As shown, only the timer setup is done there, because when this jo is done the timmer will be in charge to raise up an Interrruption to a constant period of time.

There’s a short variety of internal pre-escaler for timmers (x1, x8, x64, x256 and x1024), due that the flag variable named sampling has been used, This help me to find some values more convenient.

The key values are the the pre-escaler set in TCCR0B and the top value for comparator, in OCR0A.

Using it

This code has been checked in University (UPC), in the lab of Digital Signal Processing, as an easy way to get a signal decoded from an ultrasonic transmission (around 40kHz). The results has been a little noisy, but the voice is understandable. The demodulation results is like listening and AM transmission.
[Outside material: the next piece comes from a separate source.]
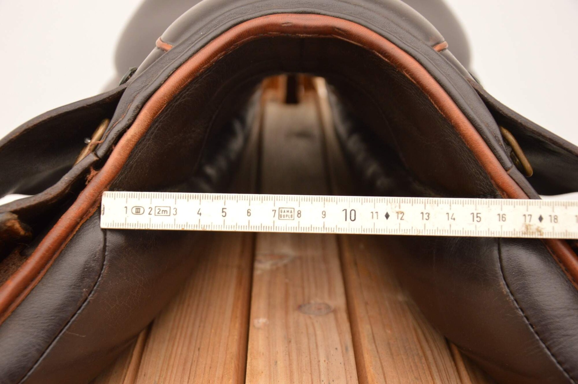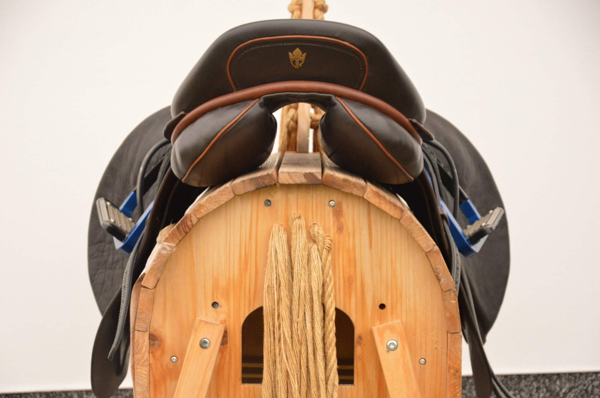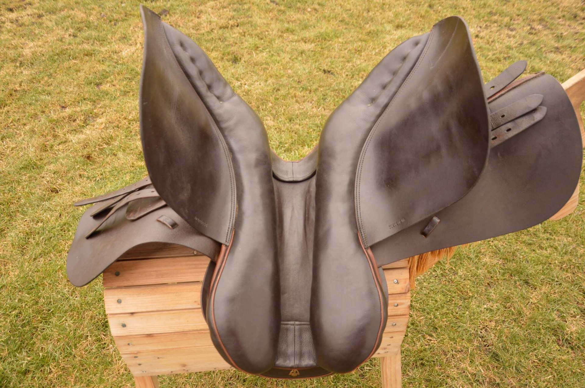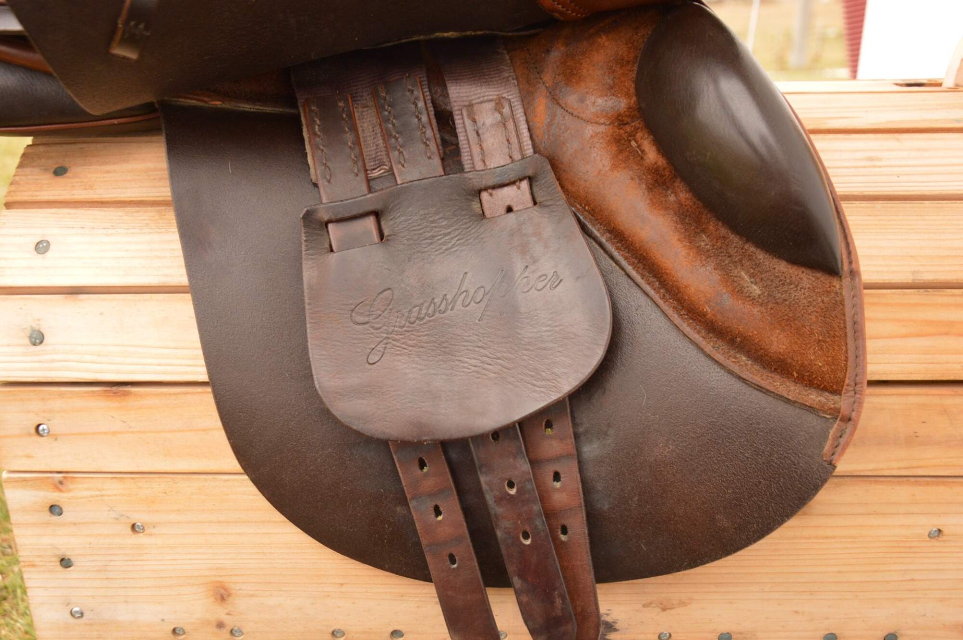 Skokově univerzální sedlo od sedlářství Ramik, model Grasshopper v krásném hnědém designu. Posedlí 17,5" a komora 3 (16 cm). Sedlo s měkkým posedlím a středními kolenními opěrkami. Má vlněné polštáře, široký páteřní kanál, zadní část kostry je rozšířená tak, aby co nejlépe roznášela váhu jezdce. Perfektní sedlo do terénu i skoky. Sedlo je ve velmi dobrém stavu, menší známky použití.

Subsampling connected to an ultrasonic trasducer, an amplifier and a filter.

Final notes

For optimal demodulation result a good signal must be generated. That is, we have setup the pre-escaler set in TCCR0B and the top value OCR0A, closer to desired sampling freqüency. After that we have been using external function generator to adjust the carrier to the target value fixed by the limitations of Arduino.

The noisy signal demodulated is something that must be found out. There are three diferent theories about it:

  • Maybe is because the PWM mode that has been selected: This mode would produce noise around the PWM frequency (62.5kHz.) because there are transitions at a fixed period of time. But we thing this should be far enough from our 40kHz.
  • Maybe is because Arduino is refreshing PWM output without consider in which axact moment is doing it. Maybe there are some glitches. This would be avoided oing some checking before to place a new value to the PWM.
  • Is there an amount of noise down-converted several times?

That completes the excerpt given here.